┌──

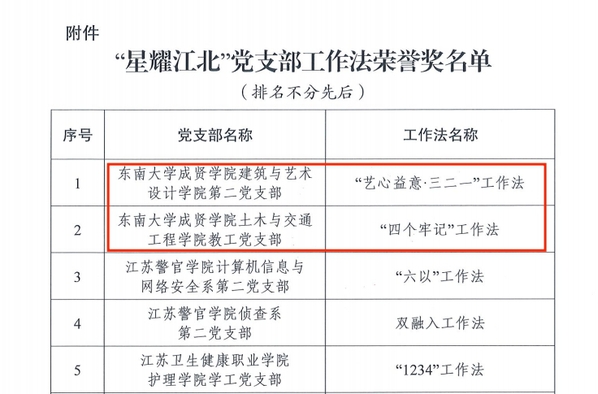 为深化党建强基系列行动,真正把党建基因融入江北新区发展血脉,进一步发挥基层党组织战斗堡垒作用和党员先锋模范作用,开云推选的建筑与艺术设计学院第二党支部“艺心益意·三二一”工作法和土木与交通工程学院教工党支部“四个牢记”工作法在江北新区此次“星耀江北”党支部工作法评选活动中双双获奖。
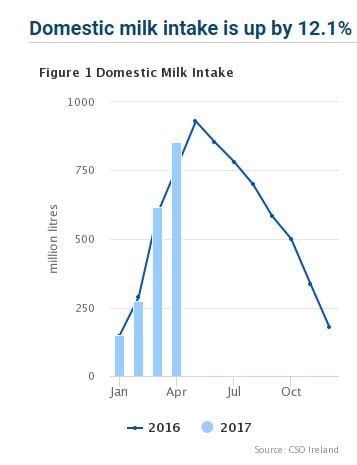 During the month of April, domestic milk intake by creameries and pasteurisers was estimated at 853.1 million litres, CSO figures show. In April 2016, this figure equated to 760.8 million litres.
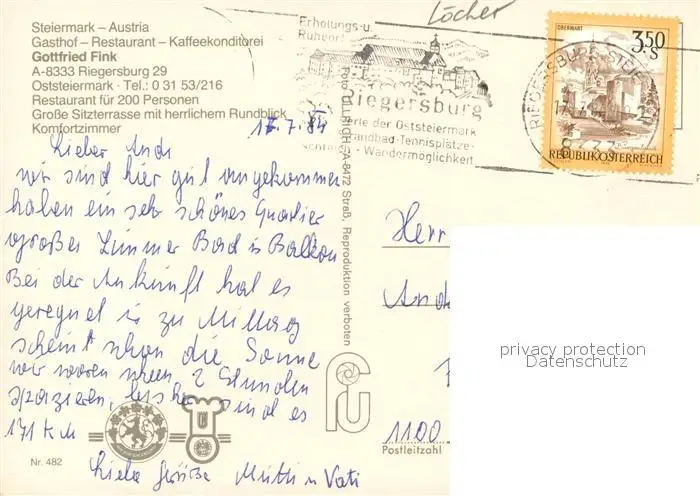 Riegersburg Gasthaus Restaurant Fink Riegersburg postalisch gelaufen 1984 Erhaltung siehe scans [LiesaD40] LiesID40
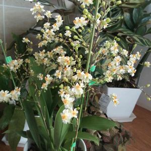 白い星型⭐️のお花が連なって咲くグルマセウムが満開になりました😆💕 ふわっとしたお花に甘いバニラの香り🍨 地味だけどかわいい🥰 次に咲くのはラババーストかな♬ 今年はちょっと日に当てすぎて葉っぱの色が抜けちゃったけど立派に育ちました☺️💕 タケノコちゃんは日に当てすぎたら葉っぱが焼けて早く落ちちゃったから小ぶりで花数も少なめだけどこのまま咲いてくれそう‼️ ここまできてシケらさないように気をつけてます😅 オンシジュームも蕾たくさん✨ こちらは気を遣わなくても逞しく蕾が伸びてくれるので私にはあってるみたいです🤭
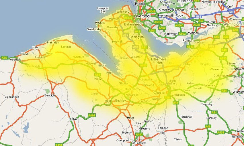We are a mixed hash providing for both runners and walkers. Our pack size is usually between 10 and 20. We generally run anywhere on the Wirral or within 20 miles or so of Chester, including NE Wales - see the map below for our nominal run area. The trail, which is marked in flour, generally takes between sixty to ninety minutes. The run is followed up with the usual circle and down-downs and then usually the pub. Hash fees are £1.00 for adults, free for children. If you haven't run with us before your first hash is free. Forewarn us if you like, but there's really no need: just turn up.
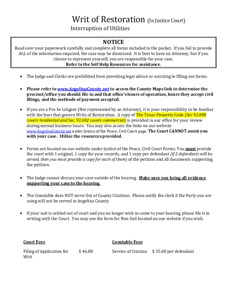 Writ of Restoration (In Justice Court)Interruption of Utilities Noticed over your paperwork carefully and complete all forms included in the packet. If you fail to provide All the information required,
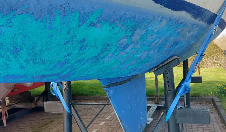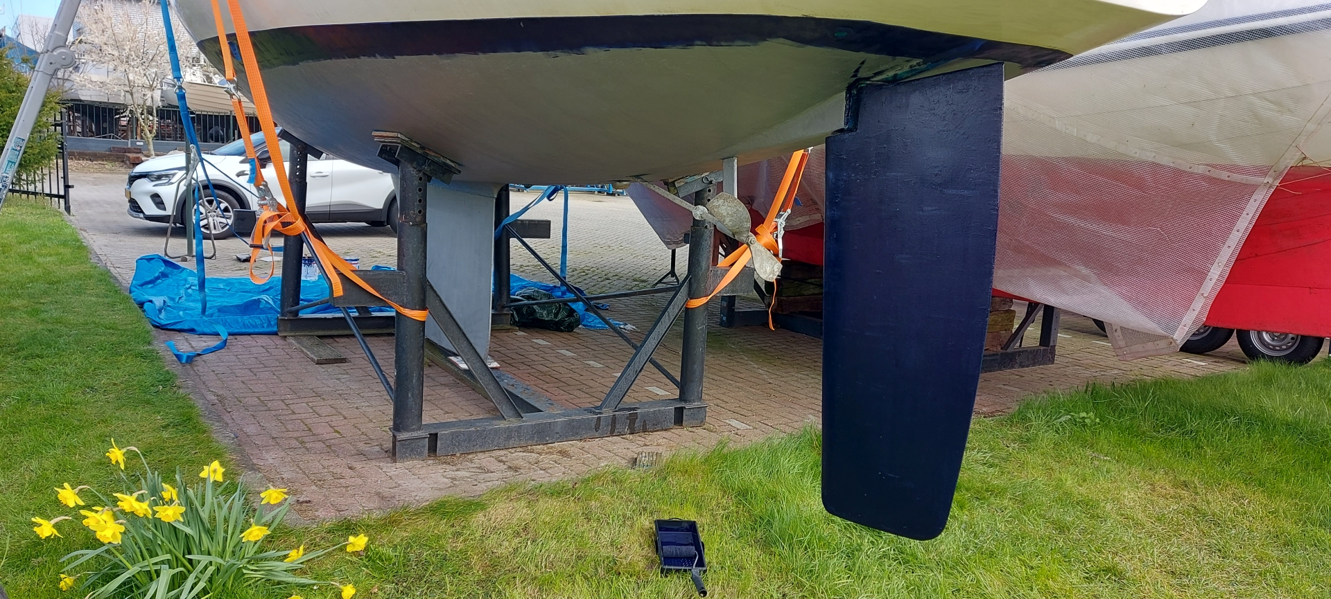 On Wednesday first I put a primer on the hull. The keel did have some rust and spacing, so a fast fix with kit. And everything was dry in time to put the antifouling paint on it. Also the propeller shaft mount to the engine (marine gear actually). At 19:00 I left with everything ready for the launch the next early morning.

└──

### PROBLEM STATEMENT
The answer must repeat every line of the listing exactly and leave the pictures out.

### RESPONSE BOX
 为深化党建强基系列行动,真正把党建基因融入江北新区发展血脉,进一步发挥基层党组织战斗堡垒作用和党员先锋模范作用,开云推选的建筑与艺术设计学院第二党支部“艺心益意·三二一”工作法和土木与交通工程学院教工党支部“四个牢记”工作法在江北新区此次“星耀江北”党支部工作法评选活动中双双获奖。
 During the month of April, domestic milk intake by creameries and pasteurisers was estimated at 853.1 million litres, CSO figures show. In April 2016, this figure equated to 760.8 million litres.
 Riegersburg Gasthaus Restaurant Fink Riegersburg postalisch gelaufen 1984 Erhaltung siehe scans [LiesaD40] LiesID40
 白い星型⭐️のお花が連なって咲くグルマセウムが満開になりました😆💕 ふわっとしたお花に甘いバニラの香り🍨 地味だけどかわいい🥰 次に咲くのはラババーストかな♬ 今年はちょっと日に当てすぎて葉っぱの色が抜けちゃったけど立派に育ちました☺️💕 タケノコちゃんは日に当てすぎたら葉っぱが焼けて早く落ちちゃったから小ぶりで花数も少なめだけどこのまま咲いてくれそう‼️ ここまできてシケらさないように気をつけてます😅 オンシジュームも蕾たくさん✨ こちらは気を遣わなくても逞しく蕾が伸びてくれるので私にはあってるみたいです🤭
We are a mixed hash providing for both runners and walkers. Our pack size is usually between 10 and 20. We generally run anywhere on the Wirral or within 20 miles or so of Chester, including NE Wales - see the map below for our nominal run area. The trail, which is marked in flour, generally takes between sixty to ninety minutes. The run is followed up with the usual circle and down-downs and then usually the pub. Hash fees are £1.00 for adults, free for children. If you haven't run with us before your first hash is free. Forewarn us if you like, but there's really no need: just turn up.
 Writ of Restoration (In Justice Court)Interruption of Utilities Noticed over your paperwork carefully and complete all forms included in the packet. If you fail to provide All the information required,
 On Wednesday first I put a primer on the hull. The keel did have some rust and spacing, so a fast fix with kit. And everything was dry in time to put the antifouling paint on it. Also the propeller shaft mount to the engine (marine gear actually). At 19:00 I left with everything ready for the launch the next early morning.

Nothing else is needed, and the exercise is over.